Besides these neo-Marxist explorations, the occupation of factories in Italy in 1919-20 and the Spanish revolution (1936-7) added more fuel to the non-Leninist and even non-Marxist revolutionary tradition.

It is certainly true that in such circumstances the birth of French leftism can only be viewed in the context of these international precedents. But whereas certain analyses involving a break with orthodox Marxism and a search for new departures could be lifted whole from illustrious predecessors like Lukács and Korsch, other aspects of French leftism stemmed more directly from the French tradition, whether literary (Rimbaud, the surrealists) or political (Fourier, Proudhon, revolutionary syndicalism).

In reality, a multitude of trends go to make up the tissue of an intellectual movement that is challenging for the succession to a revolutionary theory identified with the labour movement for more than fifty years. A survey of the various aspects of the phenomenon of leftism, their genesis and their content, will permit a better appreciation of this many-sided phenomenon, which owes it coherence to an apparently fortuitous convergence of various different factors, united nevertheless by a common aim : to change the world and transform the human condition.

Notes

[1] For an initial semantic and political approach, cf. G. Lavau, report to the Congress of the AISP, Munich, 1970 (duplicated text).

[2] A. Kriegel has attempted to draw a distinction between leftism and extremism which is very different from this : it does not seem to me to clarity matters to define leftism as a 'safety-valve'; has not communism too been a safety-valve in most countries ? Les Communistes français (Paris, 1968), pp. 234-5.

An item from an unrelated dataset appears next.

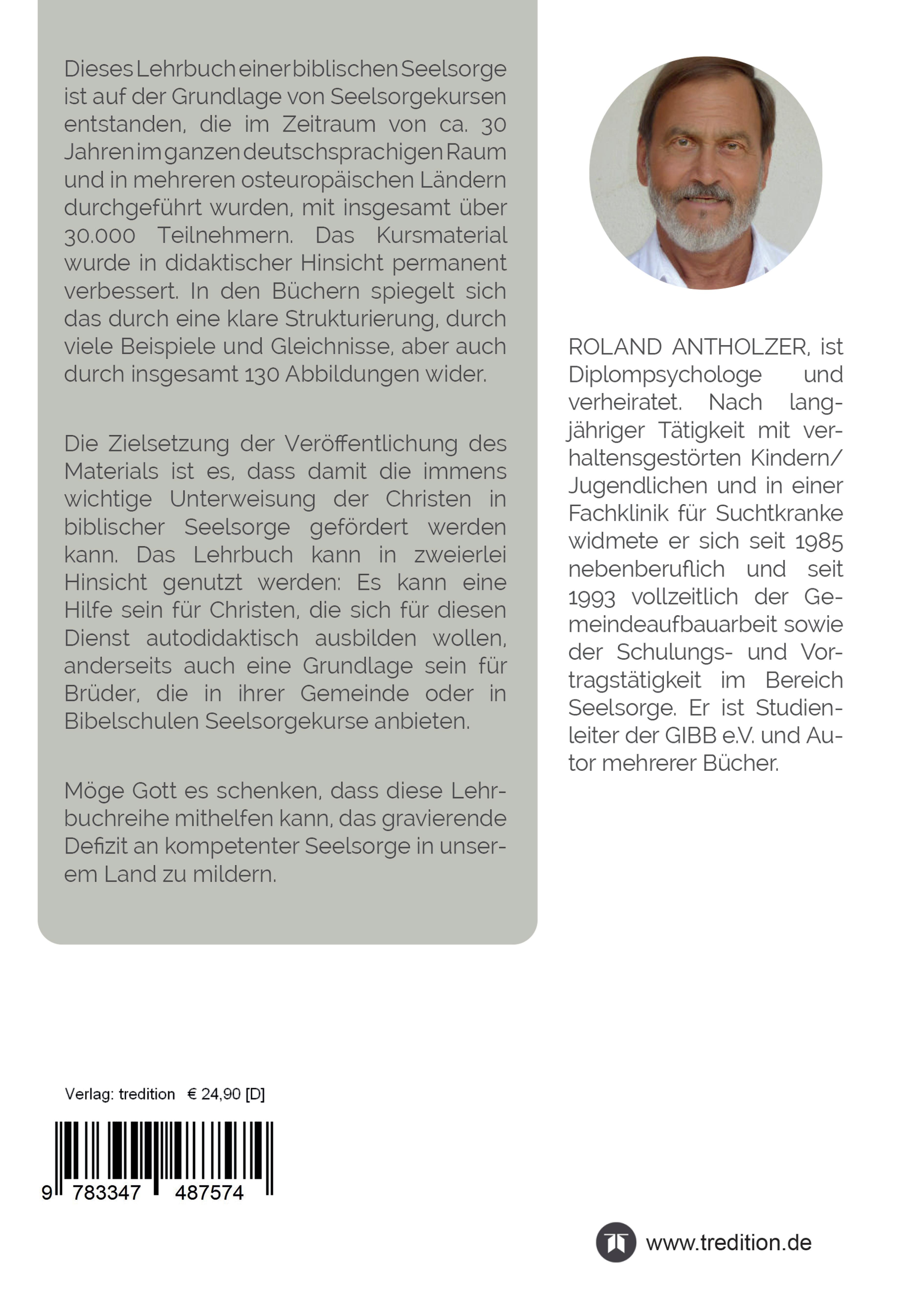Roland Antholzer ist Diplompsychologe und verheiratet. Nach langjähriger Tätigkeit mit verhaltensgestörten Kindern/Jugendlichen und in einer Fachklinik für Suchtkranke widmete er sich seit 1985 nebenberuflich und seit 1993 vollzeitlich der Gemeindeaufbauarbeit sowie der Schulungs- und Vortragstätigkeit im Bereich Seelsorge. Er ist Studienleiter der GIBB e.V. und Autor mehrerer Bücher.

[3] Originally, these were against de-Stalinization, against the Russian 'revisionists' and for Mao, the only 'correct' interpreter of doctrine. Since June 1968, the pattern has become complicated by the addition of other elements. The common factor is still that beyond Stalin, Mao or Enver Hoxha, Lenin remains the paragon of the Marxist militant and thinker,

[4] In his critique of the draft Erfurt programme, Engels had already abandoned all the 'revolutionary voluntarism' of the 1840s and 50s , and went so far as to predict a quasi-automatic change-over to socialism, notably in England.

[5] The question is dealt with by G. Lichtheim, Marxism in Modern France (Columbia University Press, 1966). Jean Touchard writes that until 1930 Marx was only known to the French communists through the medium of the October Revolution. It was the 'Philosophies' group that was to discover Marx by way of a philosophical approach and which might have been able to develop a Hegelian interpretation of Marxism, had it not been for the intellectual 'glaciation' of the thirties to which I have referred. See Le Mouvement des idées politiques dans la France contemporaine (Paris, Cours IEP, 1968), pp. 22 and 170.